The property has been transferred to the Mohegan tribe in exchange for a $1,000,000 contribution to the council's Capital Campaign. Tribal officials consider the rock an important piece of their heritage. 350 years ago, chief Uncas, who founded the Mohegan tribe and made peace with the colonists, may have held tribal councils there.

=====Samson Occum Lodge=====
Samson Occum Lodge #388 was the OA lodge for the Pequot Council. Their name comes from Samson Occom, a Mohegan Indian and an ordained Presbyterian minister. Their totem is a profile of a Mohegan Native American with a single feather.

=====Camp Wakenah=====
Camp Wakenah is the Boy Scouts of America's second oldest camp (however, the source of this claim is questioned). It was founded in around 1917 on Gardner Lake in Salem, Connecticut. The property was sold in the 1930s to buy the second Camp Wakenah at a different location on Gardner Lake which consisted of 34 acre.

In 1971, the Pequot Council (New London) merged with the Eastern Connecticut Council (Norwich) into the Indian Trails Council which had its office in New London. 1972 was the last resident camp season for Camp Wakenah. Despite the loss of the resident program, Wakenah was still used by troops for weekend camping and district events. The location was also used for a four-week Cub Scout day camp program.

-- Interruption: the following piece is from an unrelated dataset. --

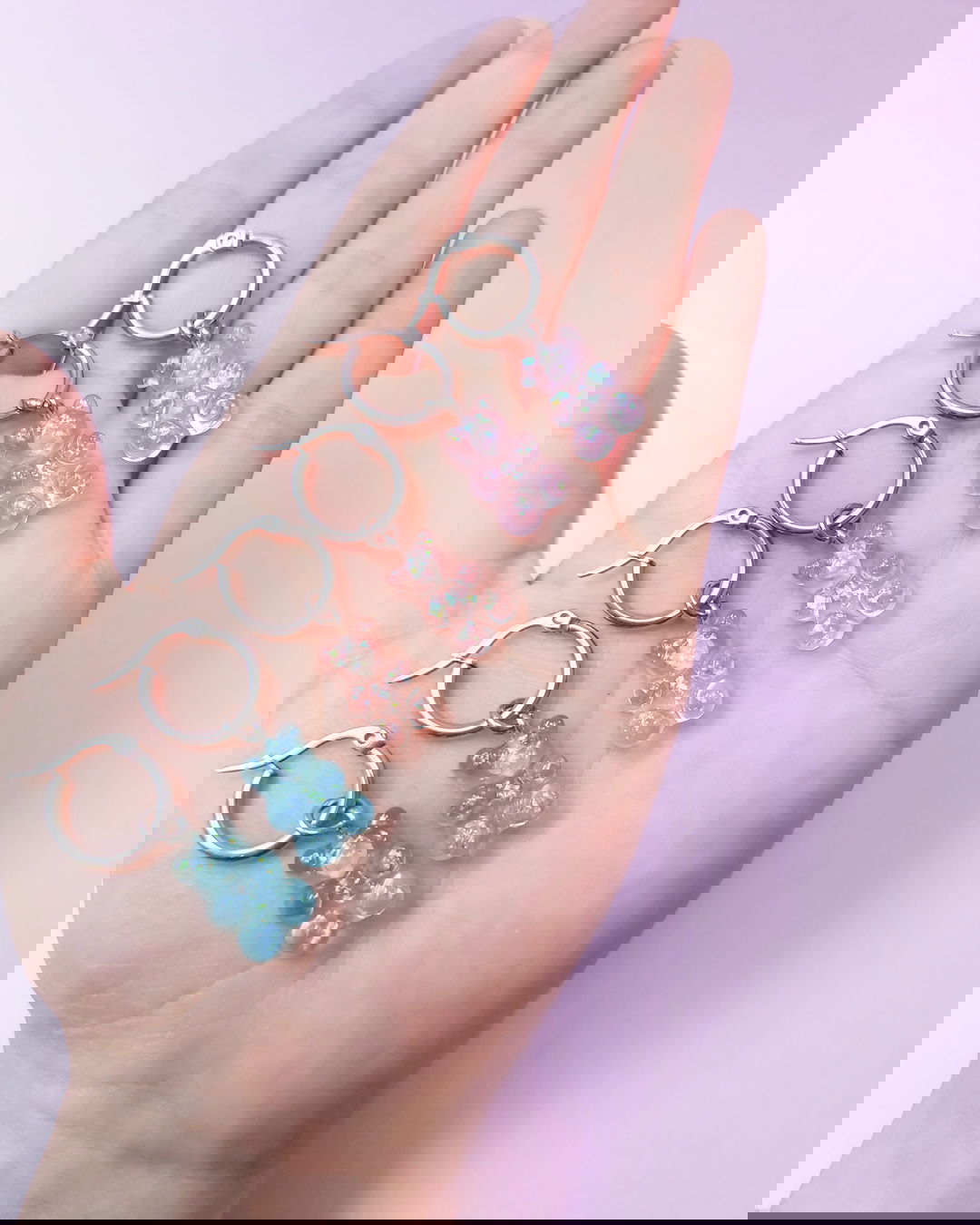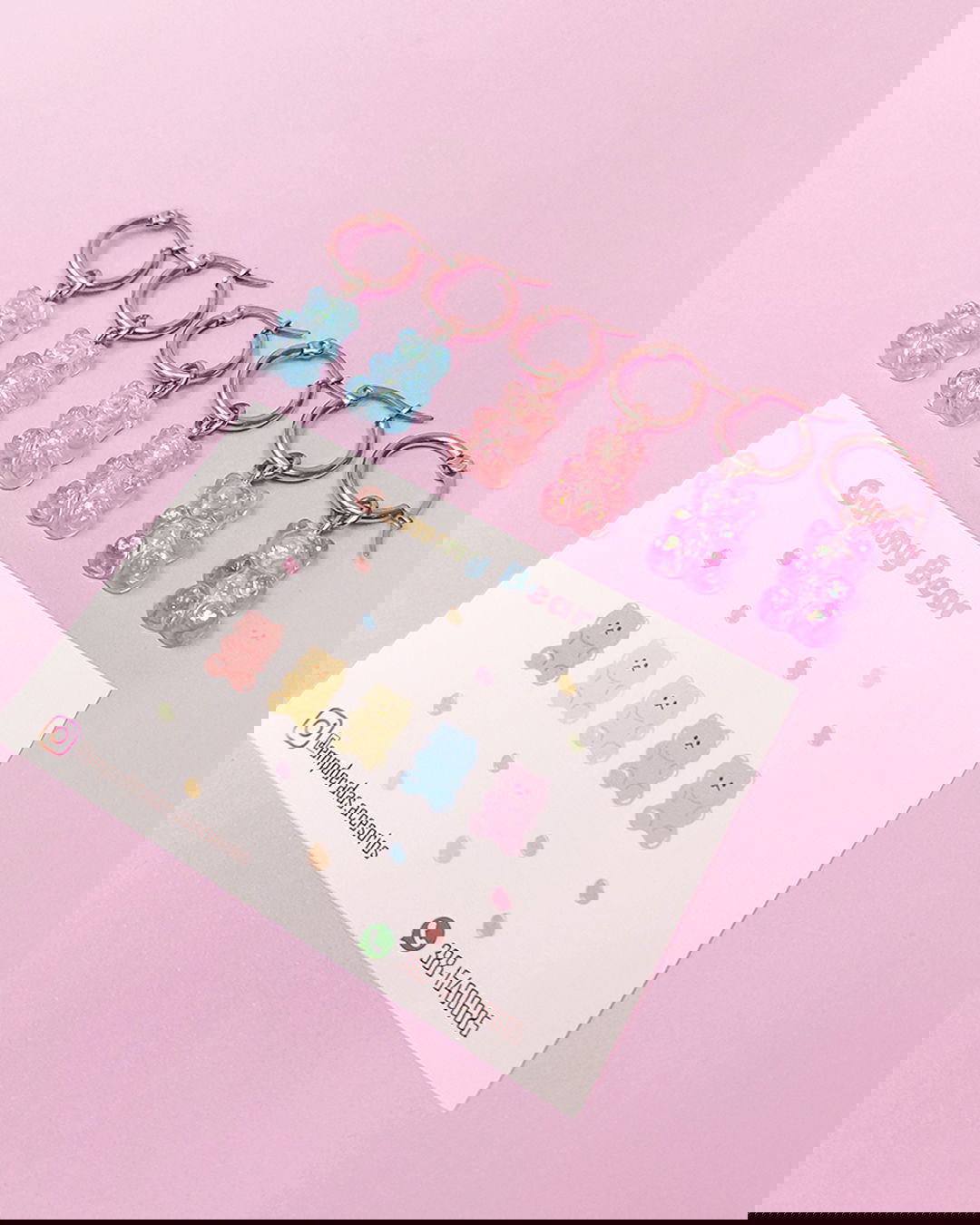 Argollas en acero quirurgico con dije osito gummy en resina.

Connecticut Rivers Council sold the property in 2004. Some in the area resented the sale for private use after the council had originally planned to sell the property to the town of Salem for $500,000.00. A bidding war resulted in the final $1,000,000.00 selling price.

The day camp program was moved to Camp Wakenah's new site in the Mark Greer Scout Reservation in Bozrah. The new site was located west of Camp Tadma on the common property, separated by the parking lot. Its parade field was near the top of the pine covered hill to the right of the property's main entrance. The parade field sat in a clearing that was originally made as a campsite. It was expanded to make room for a BB and Archery range for the day camp. Camp Wakenah "III" also made use of a newly constructed modular home that served as its administrative building and the existing Tadma Fort.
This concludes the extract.